May 13

In the Mohawk Valley village of Little Falls in upstate New York was born this day in 1844 a boy named Linn Boyd Benton. He was destined to live for eighty-eight years and to add considerably to the technological advancement of the printing industry. Benton’s father was a lawyer who became interested in a career as a newspaper publisher, moving to Milwaukee in 1853 to assume the editorship of the Daily News of that city. Through this association young Benton was first introduced to the printer’s trade. His “formal” education was obtained during two years at Galesville College, followed by private tutoring in Latin and Greek, all of which was completed by his sixteenth year. He later acquired greater proficiency in a printing office in La Crosse, Wisconsin when his father was named a circuit judge there.

Deciding that the compositor’s art was not to his liking, Benton became a bookkeeper for the Northwestern Type Foundry, operated by a former partner of his father. When the foundry went bankrupt a short time later, Benton purchased it in company with a partner of his own. Thus at twenty-nine years of age he became the owner of what he once stated was “the worst equipped typefoundry in the United States.” The firm later took the name of Benton, Waldo & Company. By this time the former bookkeeper had discovered a passionate interest in precision mechanics and in its application to typefounding. Out of his experiments came the idea of “self-spacing” types.

In this system all of the characters of the font were assigned to six unit widths, as against the thirteen or fourteen of standard types. The set widths were in multiples of one-sixth of the body, which with the spaces of the same multiples allowed for automatic justification. According to Bullen, the types were tested by the Curtis Publishing Company of Philadelphia. A compositor named Stoddard was chosen for the trials. He set type about thirty-three per cent faster with the unit-width letters as against the non unit-width types. It was Stoddard who named the type.
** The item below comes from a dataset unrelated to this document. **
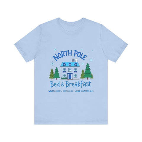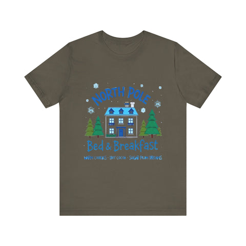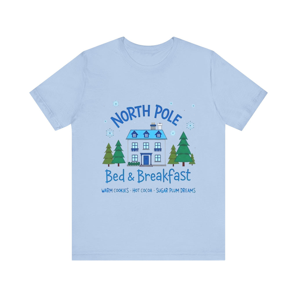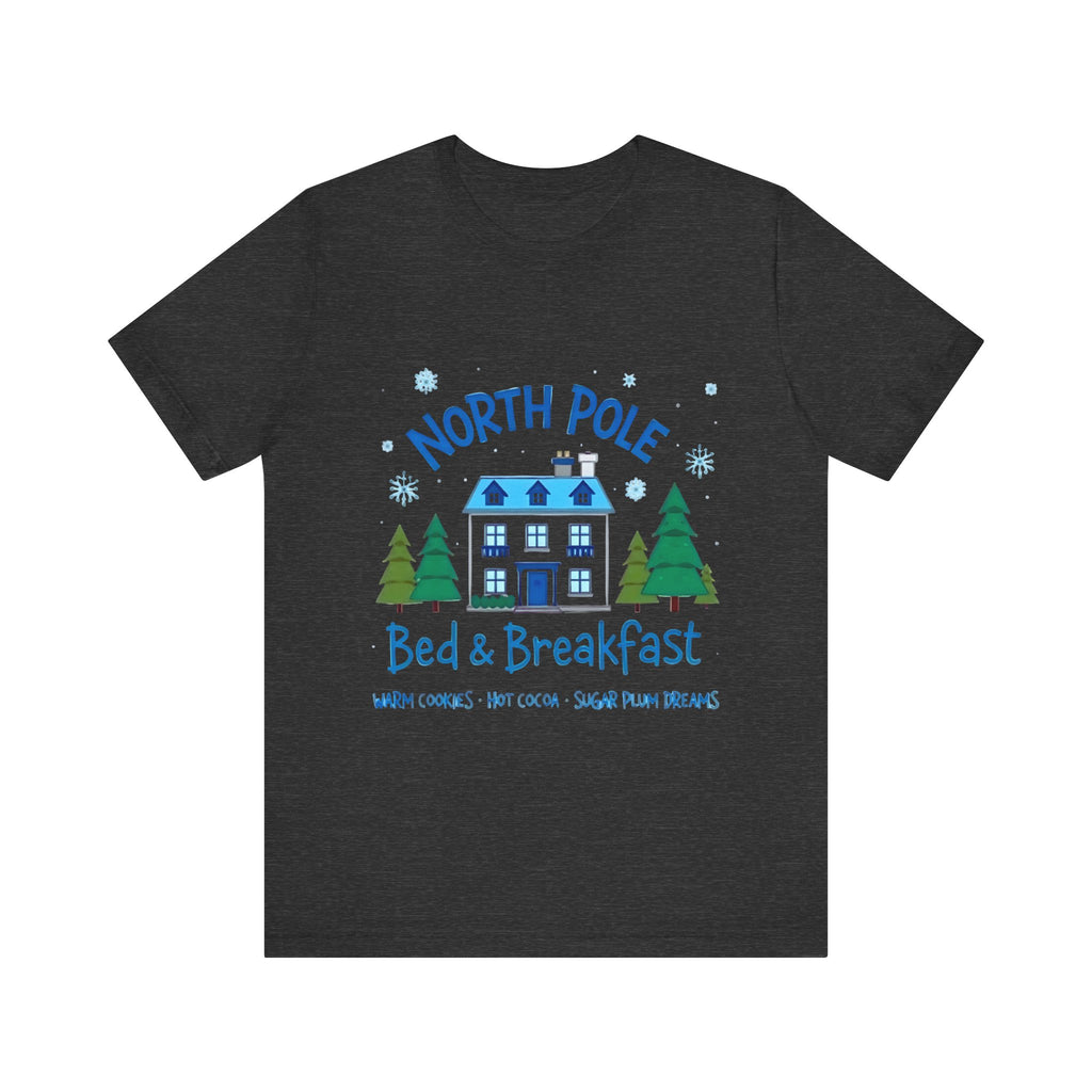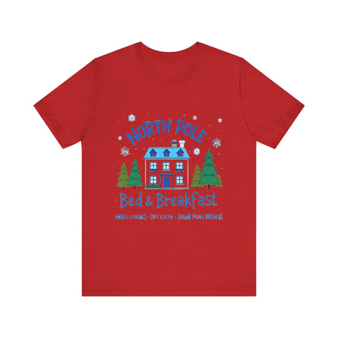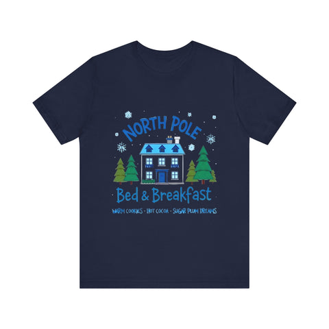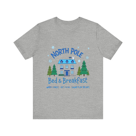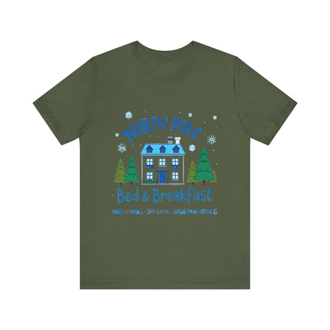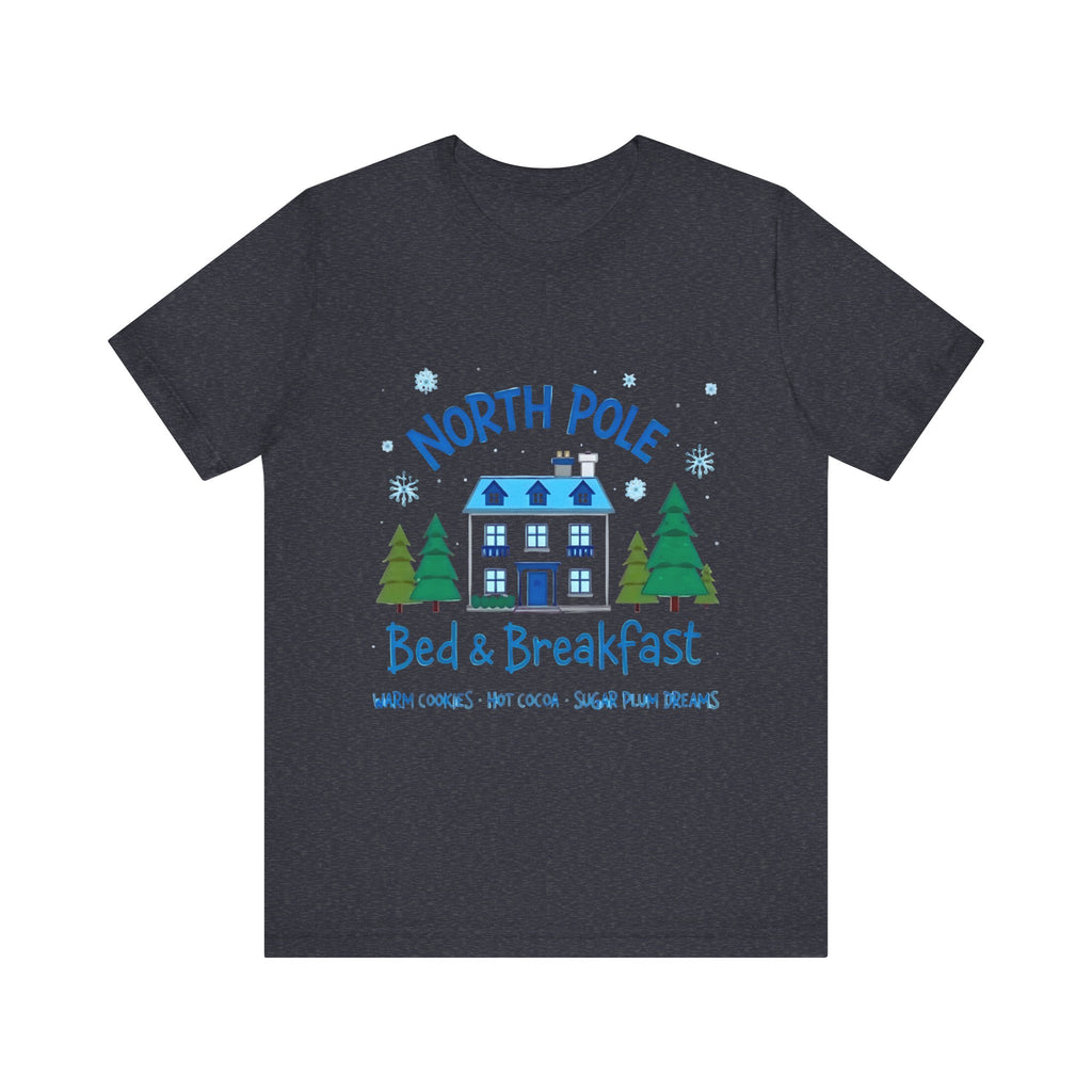 Snuggle into the holiday spirit with this adorably cozy Christmas tee! Featuring a whimsical graphic of a charming North Pole Bed & Breakfast, complete with comfy calm and snowy charm, and the sweet phrase "North Pole Bed & Breakfast", complete with warm cookies and sugar plum dreams, this shirt is your ticket to festive cuteness. Perfect for sipping hot cocoa by the fire, unwrapping gifts, or charming your way through holiday brunches. Soft, airy, and as inviting as a warm elf-made quilt, this tee brings all the merry vibes! It’s like booking a stay at the coziest spot in the Arctic Circle - without the frostbite! Wear it, love it, and let the North Pole magic sparkle. 🎄🏠❄️

After being questioned about the justification he said, “I never thought of that—why, the damned thing spaces itself! “The system, while completely practical, foundered upon the principle of good letter proportion, since necessarily each character had to conform to the unit system, creating a letter of questionable aesthetic value.

Benton next turned his attention to the invention of a type-setting machine. Faced with the problem of having to cut some three thousand punches, with no punch-cutters available, Benton designed a machine to perform this laborious task. Thus he freed the typefounders of their dependence upon hand-cut punches, almost four and one-half centuries after the invention of movable types. Based upon the method of the pantograph, the Benton punch-cutter was patented in 1885 and was an immediate success.
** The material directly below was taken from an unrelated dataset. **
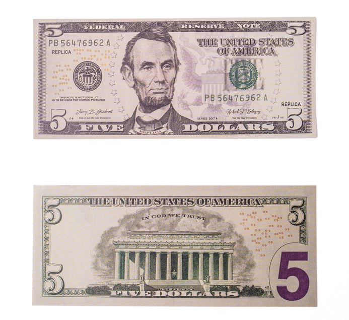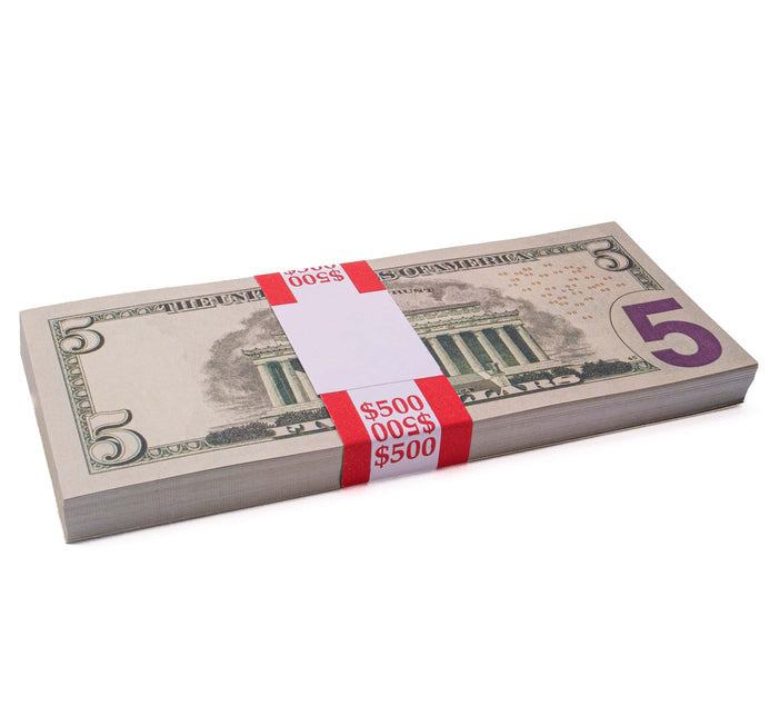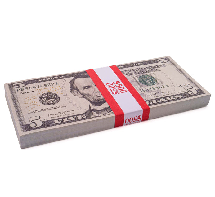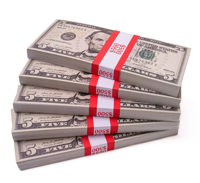 $2,500 Prop Money (5 Stacks of $5 Bills, New Series)

Without this device the composing machines being developed during the same period could scarcely have been practical. The machines of Mergenthaler and Lanston needed a rapid method of punching matrices in order to sell them in quantity to accompany the machines, and hand-cutting the punches would have been impossibly laborious. The Benton machine was therefore purchased for this purpose by both the Linotype and Monotype firms. The same device, with variations, is now used by all of the world’s typefoundries and manufacturers of composing machines.

When Benton’s foundry was merged with the American Type Founders Company in 1892, he brought his machine with him to New York. The first type to be cut there was the famous Century type, in collaboration with Theodore Low De Vinne. The machine was later adapted to the direct engraving of matrices, the practice now universally followed by the typefounders.